For every cube of an integer, the recursive sum of its digits , e.g. 729 -> 18 -> 9 etc. is always 1,8 or 9. With a computer program i checked this phenomenon up to 1000000000. In my prior question(link-> A mathematical phenomenon regarding perfect squares….) i asked the mathematical reason behind similar phenomenon regarding perfect squares. Now i wonder what will be the reason behind this cube phenomenon?
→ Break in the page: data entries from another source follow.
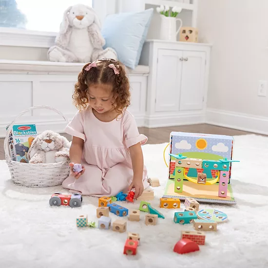 - Compatible with all other Blockables™ play sets; packaging folds out to double as a play space and pieces store in the sturdy box with handle for easy cleanup and portability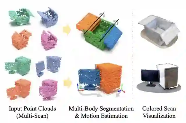 本文介绍了MultiBodySync,这是一种新颖的,端到端的可训练多体运动分割和针对多输入3D点云的刚性配准框架。本文所研究的这种多扫描多体设置所带来的两个非同寻常的挑战是:(i)保证捕获多个不同身体或身体部位空间布局的多个输入点云之间的对应关系和分割一致性;文章提出了一种解决这些问题的方法,该方法将频谱同步合并到迭代的深度声明式网络中,以便同时恢复一致的对应关系以及运动分割。该方法可有效用于各种数据集,从关节物体的刚性零件到3D场景中的单个移动物体,无论是单视图还是全点云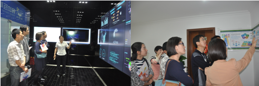 首先,中心副总经理杨丹(啪啪啦 2013级MBA)带领各位老师参观了互联网教育中心未来教育展厅,观看了未来教育课程设计、创新成就及优秀企业的解决方案等展示内容;参观了互联网教育中心课件基地、MOOC创业港,了解了课件基地的使用情况和MOOC创业港的入孵情况。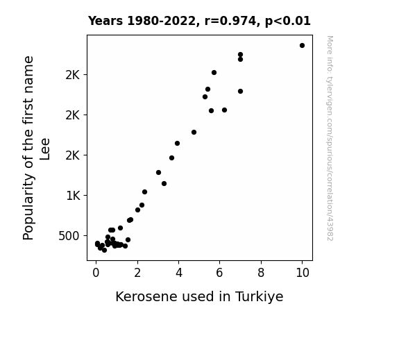 This means 94.8% of the change in the one variable (i.e., Kerosene used in Turkiye) is predictable based on the change in the other (i.e., Popularity of the first name Lee) over the 43 years from 1980 through 2022.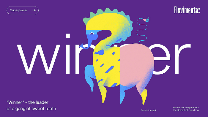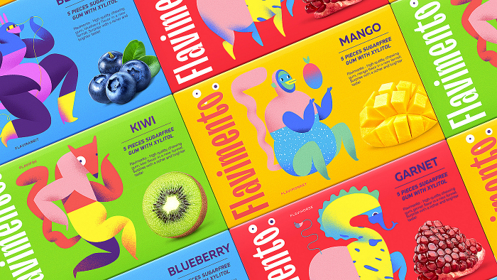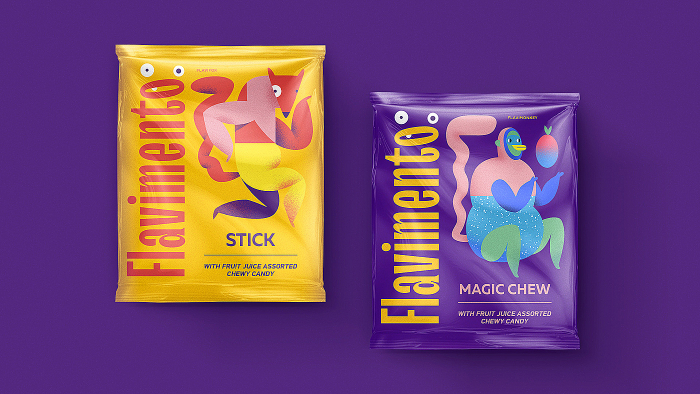 Supermarket branding agency разработало бренд сладостей Flavimento для аудитории, которую сложно «зацепить» котиками и енотиками. По мнению экспертов, это очень актуальный проект для классической категории с современным продуктом и сильным брендингом, впитавшим в себя самые актуальные тренды и поведенческие модели зумеров (поколения Z).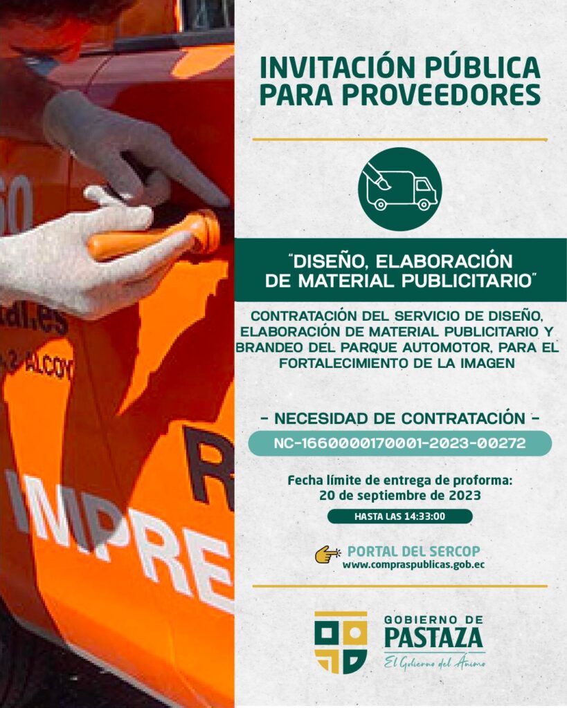 CONTRATACIÓN DEL SERVICIO DE DISEÑO, ELABORACIÓN DE MATERIAL PUBLICITARIO Y BRANDEO DEL PARQUE AUTOMOTOR, PARA EL FORTALECIMIENTO DE LA IMAGEN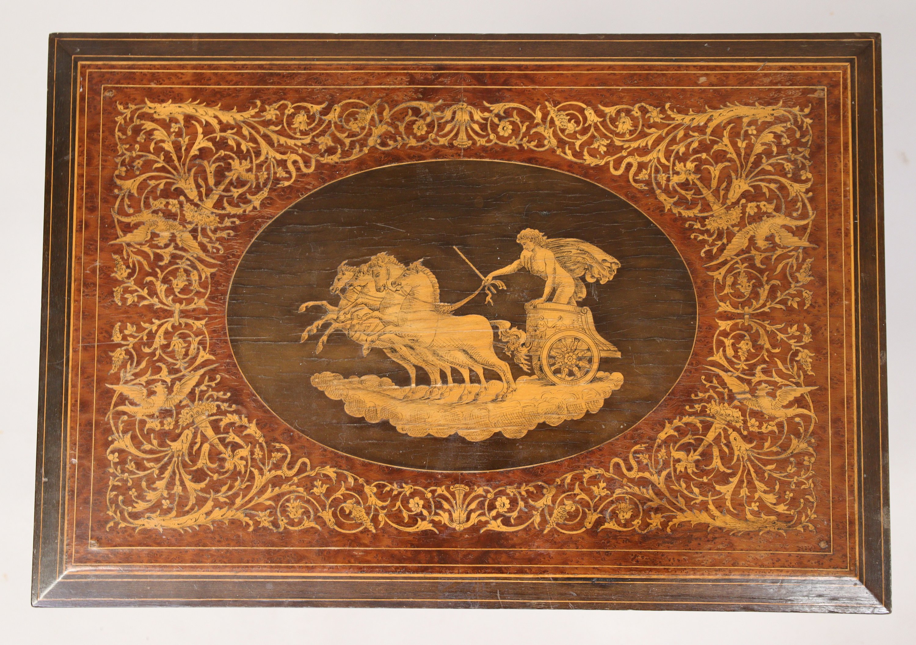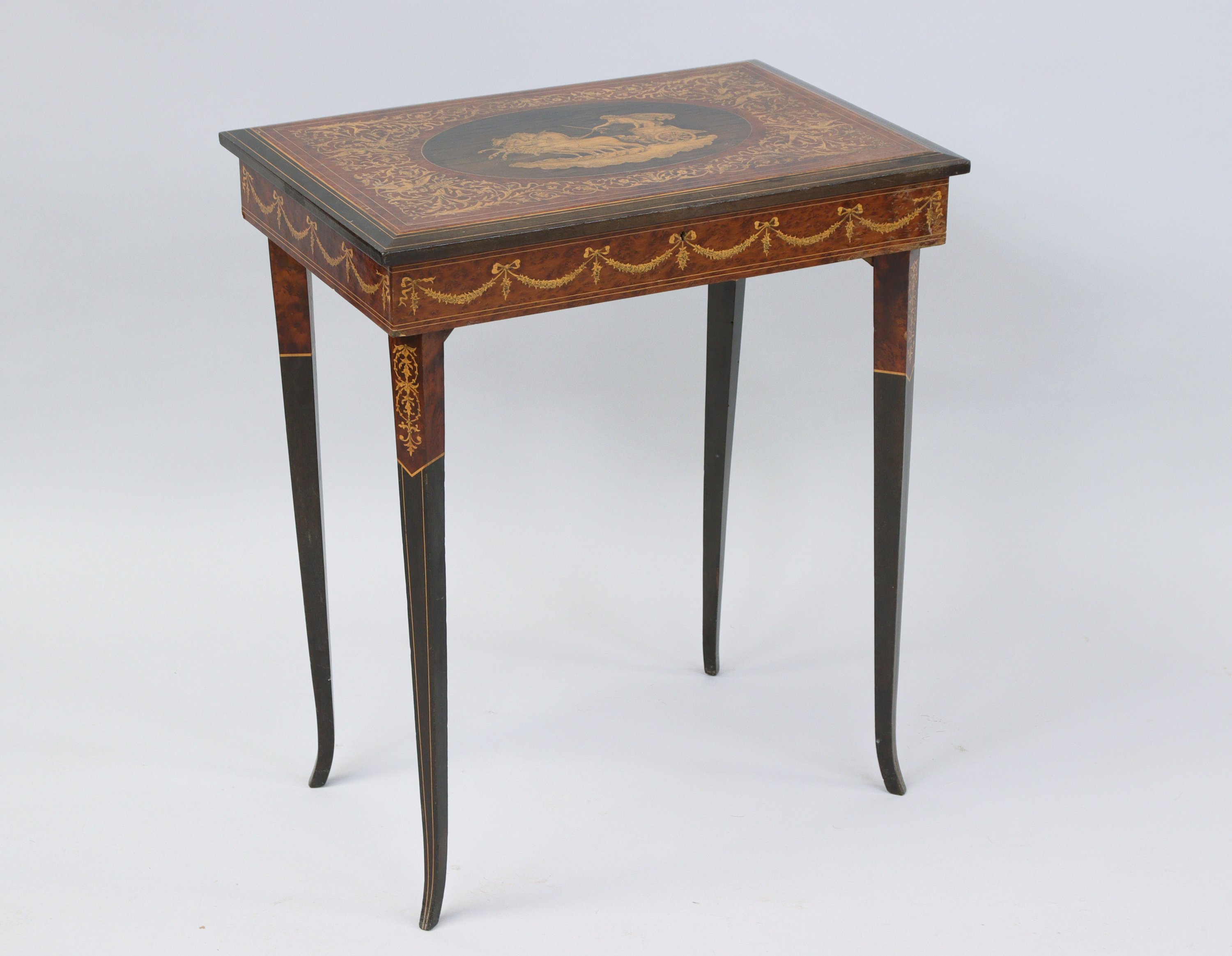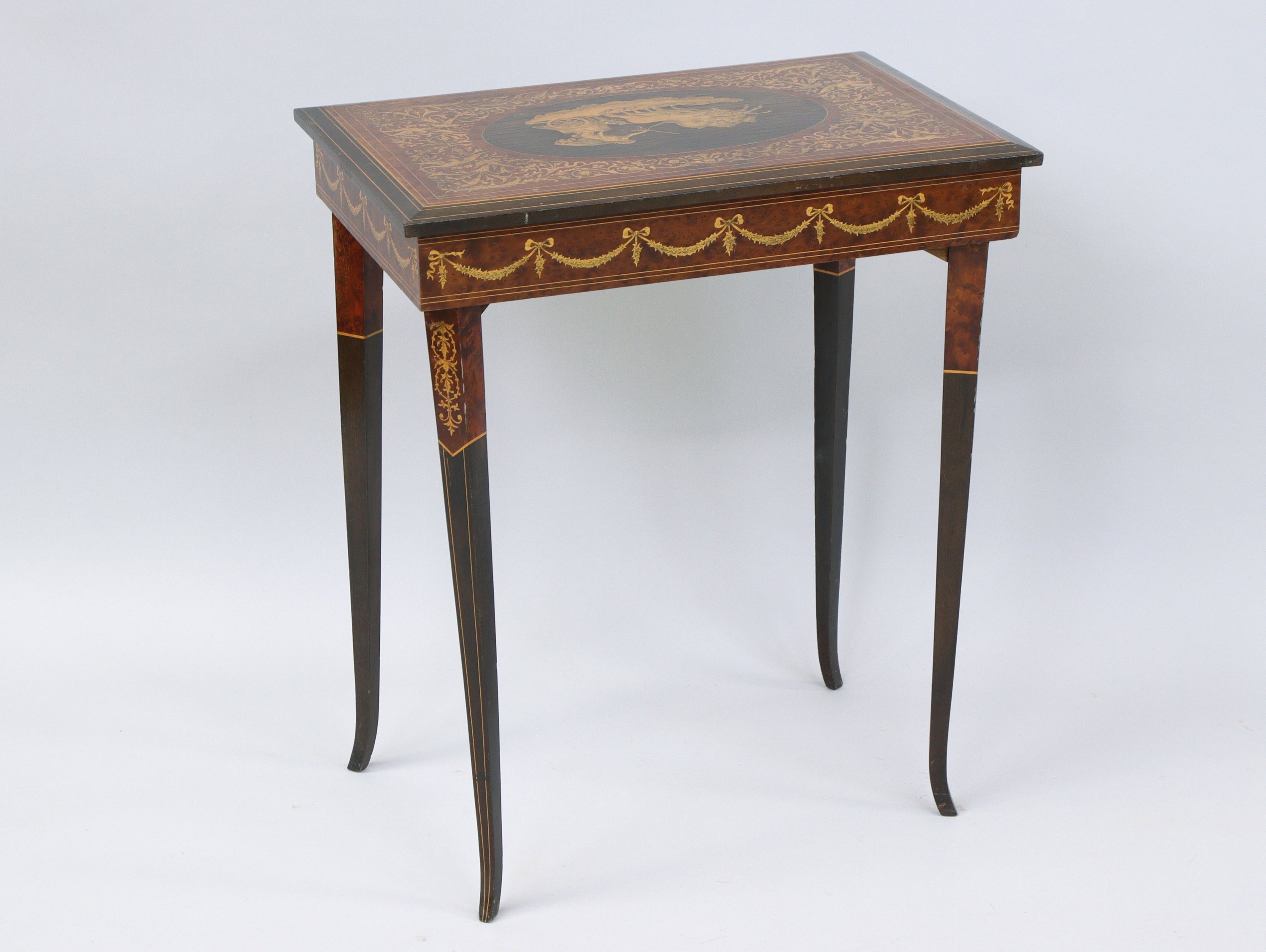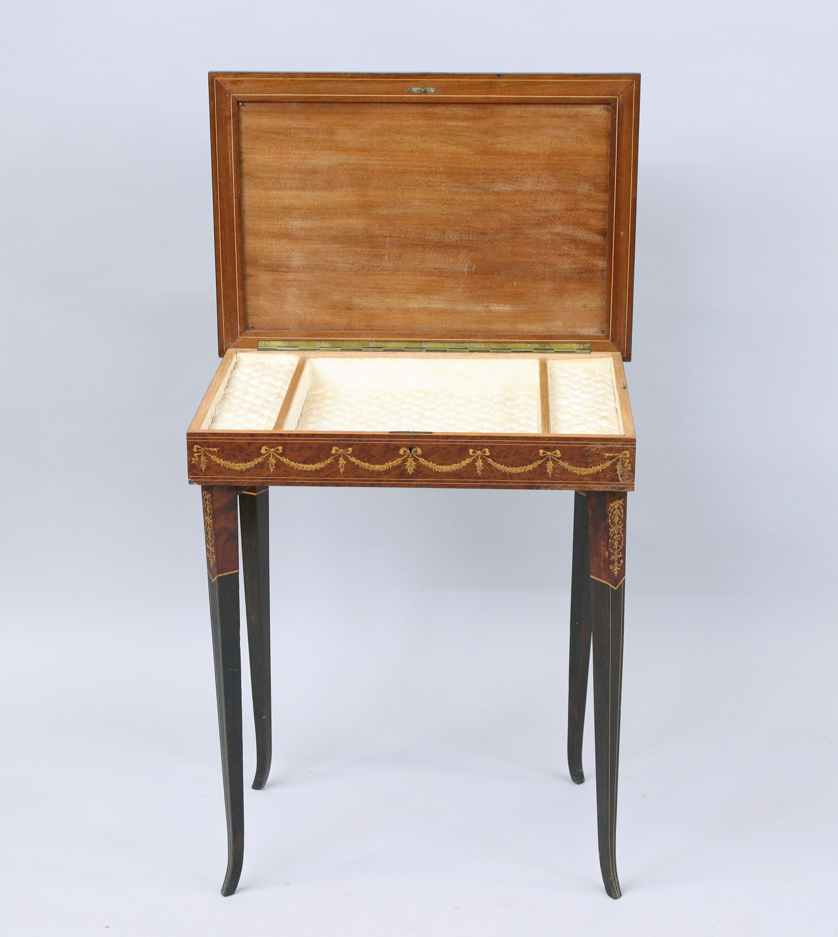 le plateau orné au centre d'un médaillon présentant le char d'Apollon entouré de riches rinceaux. Il découvre trois compartiments garnis de tissu capitonné. Sous l'un deux est hébergé un mécanisme de boîte à musique. Il se remonte par une clé se trouvant sous le plateau. La ceinture est décorée de guirlandes de nuds et végétaux. La table repose sur quatre pieds dont les extrémités sont cambrées.

Any answer?
Some of the last outputs of cubes and their recursive sum of my program are below:
970299000 Recursive sum is 9
973242271 Recursive sum is 1
976191488 Recursive sum is 8
979146657 Recursive sum is 9
982107784 Recursive sum is 1
985074875 Recursive sum is 8
988047936 Recursive sum is 9
991026973 Recursive sum is 1
994011992 Recursive sum is 8
997002999 Recursive sum is 9
If we go further…. For every 4th power of an integer the recursive sum of digits is either 1,7,9 or 4.
For every 5th power of an integer the recursive sum of digits is either 1,2,4,5,7,8 or 9.
Can we derive some formula that can tell the recursive sum of digits of n'th power of an integer?
Best Answer
A positive integer is either $3k$ or $3k\pm 1$ for some integer $k$.
$(3k)^3=27k^3=9(3k^3)$ is a multiple of $9$.
$(3k\pm 1)^3=27k^3\pm 27k^2+9k\pm 1=9(3k^3\pm 3k^2+k)\pm 1$ is of the form $9l\pm 1$ for some integer $l$.
Together with the fact that a positive integral multiple of $9$ has recursive sum $9$, this proves your conjecture.